[DATA BELOW]

[Start of Attachment]

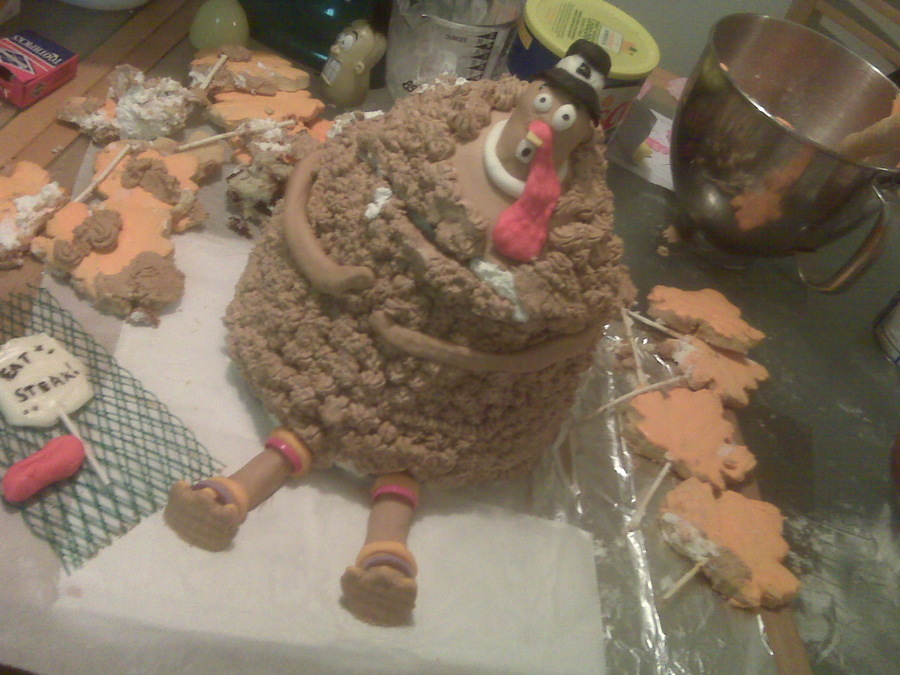 First cake on my own. I used a regular cake mix out of a box and tried to use sugar cookies as feathers. Good thing I know better now....salvaged the cake by using fondant to hold it together. Whew!!!!!!!!!! Won the turkey contest at work anyway :))
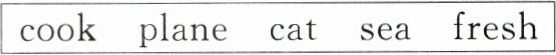 1. plane 2. cat 3. fresh 4. cook 5. sea
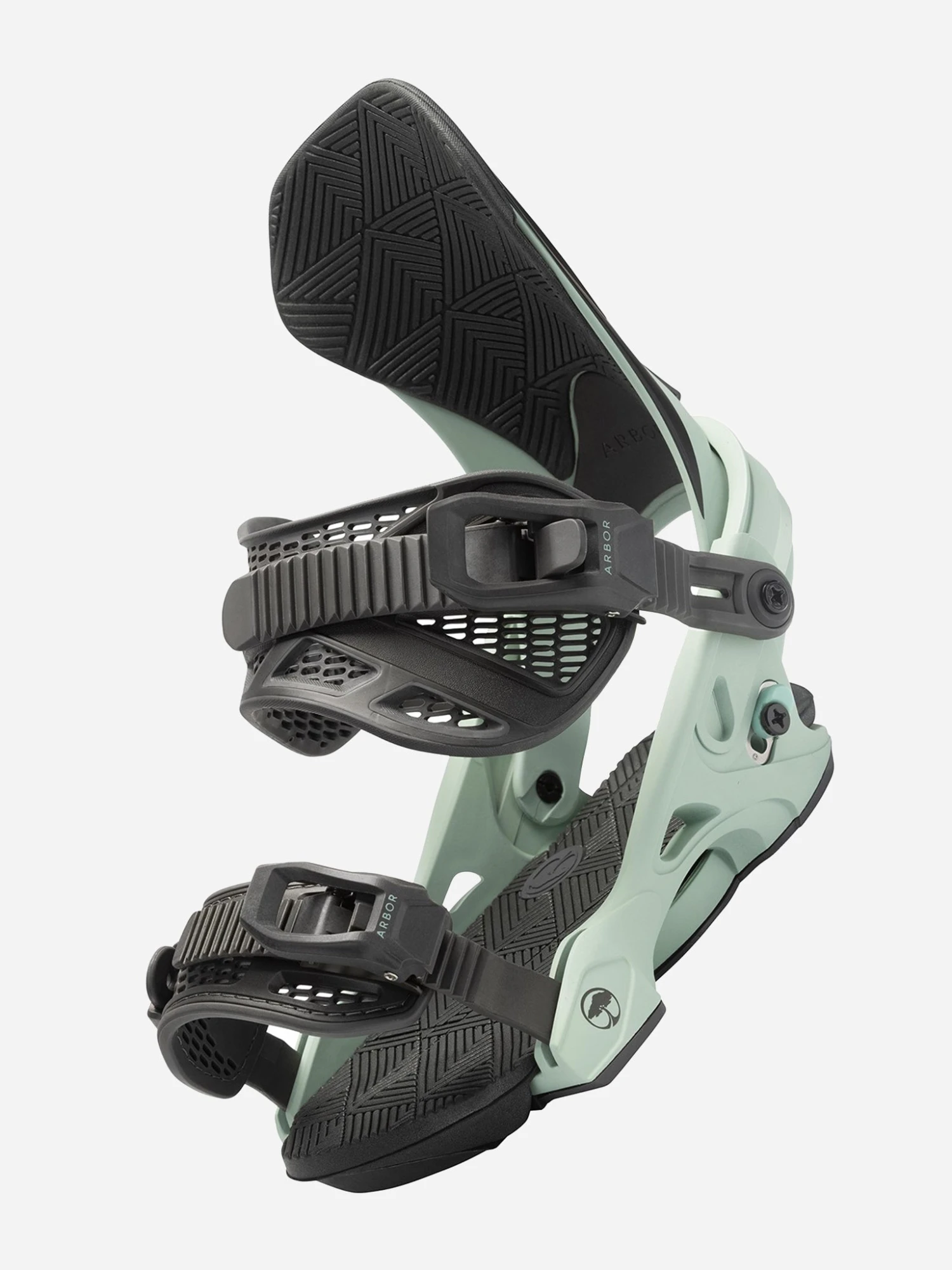 FEATURES:Snowboard BindingsBaseplate: System X – The System X design evenly distributes a rider’s energy into their snowboard. No matter where pressure is applied to the binding, the System X allocates energy across the baseplate’s structural X shape, and out to the four cardinal points. The result is quicker, more effective control. 15% glass content for added strength and stability50A Durometer Outsole – The Outsole is a dampening interface made from a special TPE rubber. The Outsole integrates with the System X design and sits between the binding and a rider’s snowboard. The Outsole diffuses high-frequency chatter while providing rebound and cushion for high-impact landings. On the Cypress, Arbor uses a slightly stiffer durometer TPE for added performanceAdjustable Extruded Aluminum Heelcup – Highly durable extruded aluminum, designed to work with the Mini-Disk for amazing adjustability. Use the highback to center the foot and the disk to fine-tune your stance widthEVA FootbedHighback: Women’s Specific Asymmetrical Highbacks – Arbor bindings feature low mounted asymmetrical highbacks with 5° pre-rotation, providing ergonomic feel and freedom of movementTool-less Forward Lean AdjustmentStraps: Bow-Strap Adjuster – Arbor’s patented “Bow-Strap” adjuster and ladder strap swings out of the way quickly and easily, making binding entry a simple, user-friendly experience. The pre-curved strap steers clear of your boot while maintaining form and durability in even the coldest conditionsUltraGrip Convertible Toe Strap | Dual-Injected Ankle StrapBuckles: Fiberglass Reinforced Nylon Buckles and LeversAdditional Features: Universal 4×4 DiscAbility Level: Advanced – ExpertFlex Rating: MediumBinding Mount Pattern: 2×4, 4×4

[End of Attachment]

[EXERCISE BRIEF] No image belongs in the copy. Transcribe the full listing verbatim.

[RESPONSE TO THE EXERCISE]
 First cake on my own. I used a regular cake mix out of a box and tried to use sugar cookies as feathers. Good thing I know better now....salvaged the cake by using fondant to hold it together. Whew!!!!!!!!!! Won the turkey contest at work anyway :))
 1. plane 2. cat 3. fresh 4. cook 5. sea
 FEATURES:Snowboard BindingsBaseplate: System X – The System X design evenly distributes a rider’s energy into their snowboard. No matter where pressure is applied to the binding, the System X allocates energy across the baseplate’s structural X shape, and out to the four cardinal points. The result is quicker, more effective control. 15% glass content for added strength and stability50A Durometer Outsole – The Outsole is a dampening interface made from a special TPE rubber. The Outsole integrates with the System X design and sits between the binding and a rider’s snowboard. The Outsole diffuses high-frequency chatter while providing rebound and cushion for high-impact landings. On the Cypress, Arbor uses a slightly stiffer durometer TPE for added performanceAdjustable Extruded Aluminum Heelcup – Highly durable extruded aluminum, designed to work with the Mini-Disk for amazing adjustability. Use the highback to center the foot and the disk to fine-tune your stance widthEVA FootbedHighback: Women’s Specific Asymmetrical Highbacks – Arbor bindings feature low mounted asymmetrical highbacks with 5° pre-rotation, providing ergonomic feel and freedom of movementTool-less Forward Lean AdjustmentStraps: Bow-Strap Adjuster – Arbor’s patented “Bow-Strap” adjuster and ladder strap swings out of the way quickly and easily, making binding entry a simple, user-friendly experience. The pre-curved strap steers clear of your boot while maintaining form and durability in even the coldest conditionsUltraGrip Convertible Toe Strap | Dual-Injected Ankle StrapBuckles: Fiberglass Reinforced Nylon Buckles and LeversAdditional Features: Universal 4×4 DiscAbility Level: Advanced – ExpertFlex Rating: MediumBinding Mount Pattern: 2×4, 4×4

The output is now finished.